_DATA EXTRACT:_

################

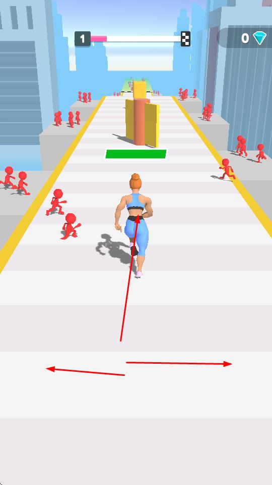 1、玩家操控角色在城市街道场景的道路上向前奔跑,通过左右滑动屏幕控制角色移动方向。
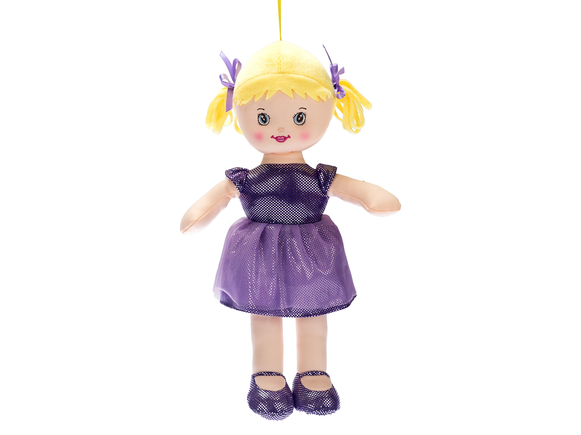 A bájos, lila ruhácskás Viktorka rongybaba minden kisbabát és totyogót megörvendeztet. Kellemesen puha, könnyű a kis kézben tartani, és magyarul tud beszélni és énekelni egy közkedvelt dalt. 32 cm-es mérete ideális ölelgetéshez és az első játékokhoz, újszülött kortól ajánlott.
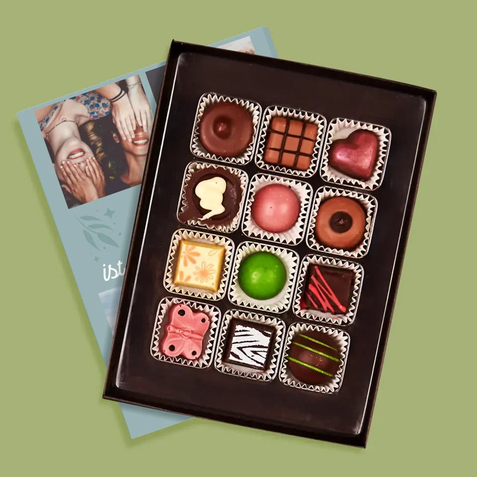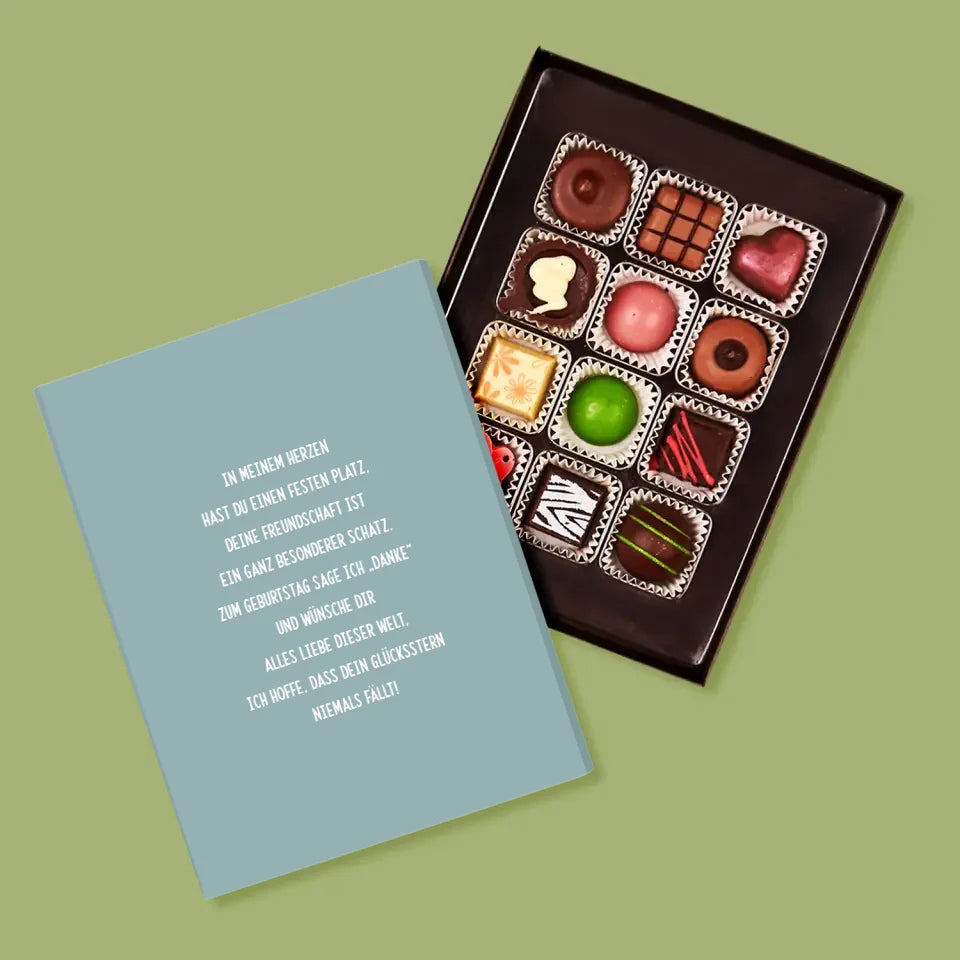 Leckere Pralinen aus belgischer Schokolade in einer eleganten Schachtel, individuell personalisiert.
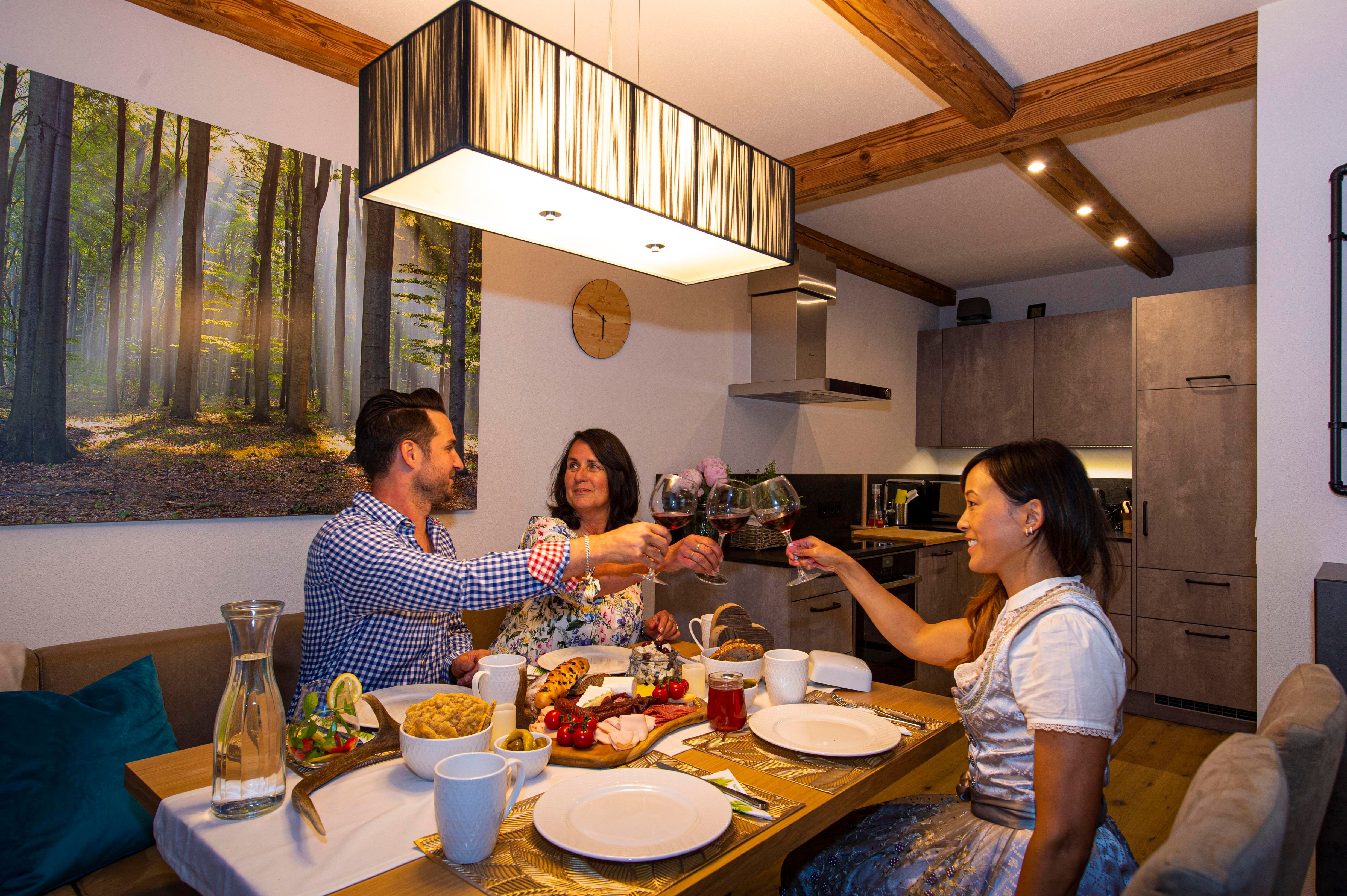 For our luxuriously furnished vacation apartment in Alpine style, special materials from the region were combined with the most modern equipment and technology. The unadulterated and genuine charm of the vacation apartment enters into such a unique symbiosis with the many carefully coordinated furnishing details that you already know in the entrance area that you will experience a very special time here.

################

_WHAT YOU ARE ASKED TO DO:_
Without changing a single word, set down all of the material again and leave out its pictures.

_YOUR RESPONSE:_
 1、玩家操控角色在城市街道场景的道路上向前奔跑,通过左右滑动屏幕控制角色移动方向。
 A bájos, lila ruhácskás Viktorka rongybaba minden kisbabát és totyogót megörvendeztet. Kellemesen puha, könnyű a kis kézben tartani, és magyarul tud beszélni és énekelni egy közkedvelt dalt. 32 cm-es mérete ideális ölelgetéshez és az első játékokhoz, újszülött kortól ajánlott.
 Leckere Pralinen aus belgischer Schokolade in einer eleganten Schachtel, individuell personalisiert.
 For our luxuriously furnished vacation apartment in Alpine style, special materials from the region were combined with the most modern equipment and technology. The unadulterated and genuine charm of the vacation apartment enters into such a unique symbiosis with the many carefully coordinated furnishing details that you already know in the entrance area that you will experience a very special time here.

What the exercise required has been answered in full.